▸ Exercise requirements
When writing out the entries below, keep only the lines from the line with "Picture of a" to the line with "花壇の側では、お子さまたちがしゃがみ込んで何やら井戸端会議をしています⭐︎☺︎", both included, exactly as they are, and leave the pictures aside.

▸ Records for the task
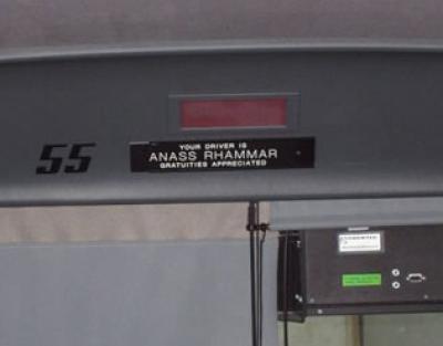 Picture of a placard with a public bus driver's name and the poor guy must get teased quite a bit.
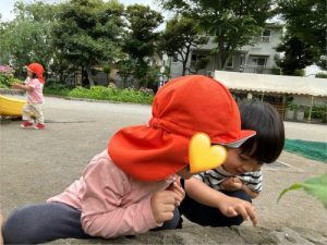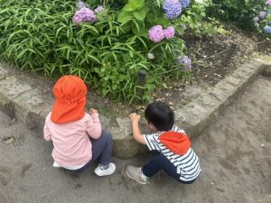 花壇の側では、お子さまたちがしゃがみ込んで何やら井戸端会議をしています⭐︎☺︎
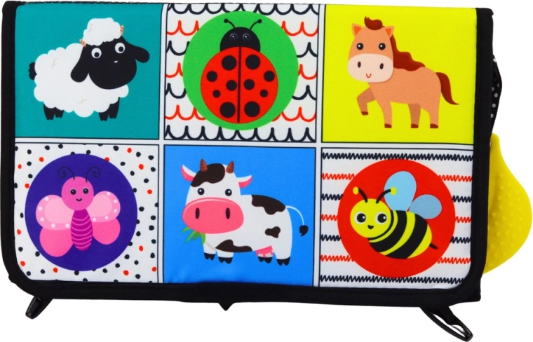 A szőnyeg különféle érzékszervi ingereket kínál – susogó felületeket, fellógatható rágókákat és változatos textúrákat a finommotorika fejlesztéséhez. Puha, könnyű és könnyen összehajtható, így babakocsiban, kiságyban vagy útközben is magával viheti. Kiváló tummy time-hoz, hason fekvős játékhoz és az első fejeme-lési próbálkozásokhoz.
==
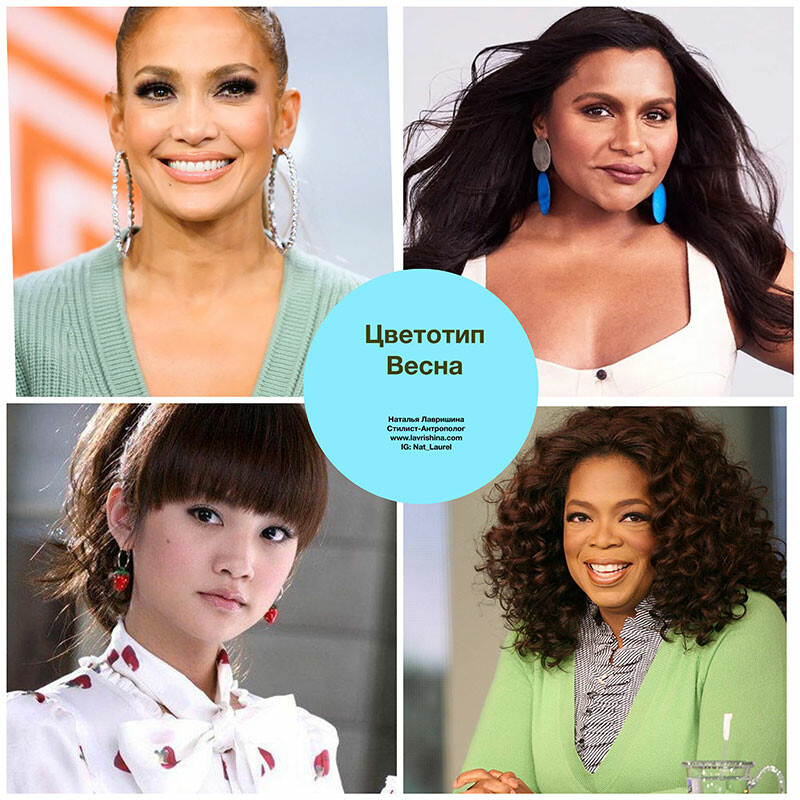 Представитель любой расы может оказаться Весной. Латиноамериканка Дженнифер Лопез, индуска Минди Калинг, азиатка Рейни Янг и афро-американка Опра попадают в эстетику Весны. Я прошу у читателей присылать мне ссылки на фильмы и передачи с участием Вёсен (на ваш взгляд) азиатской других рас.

▸ Result of this task
 Picture of a placard with a public bus driver's name and the poor guy must get teased quite a bit.
 花壇の側では、お子さまたちがしゃがみ込んで何やら井戸端会議をしています⭐︎☺︎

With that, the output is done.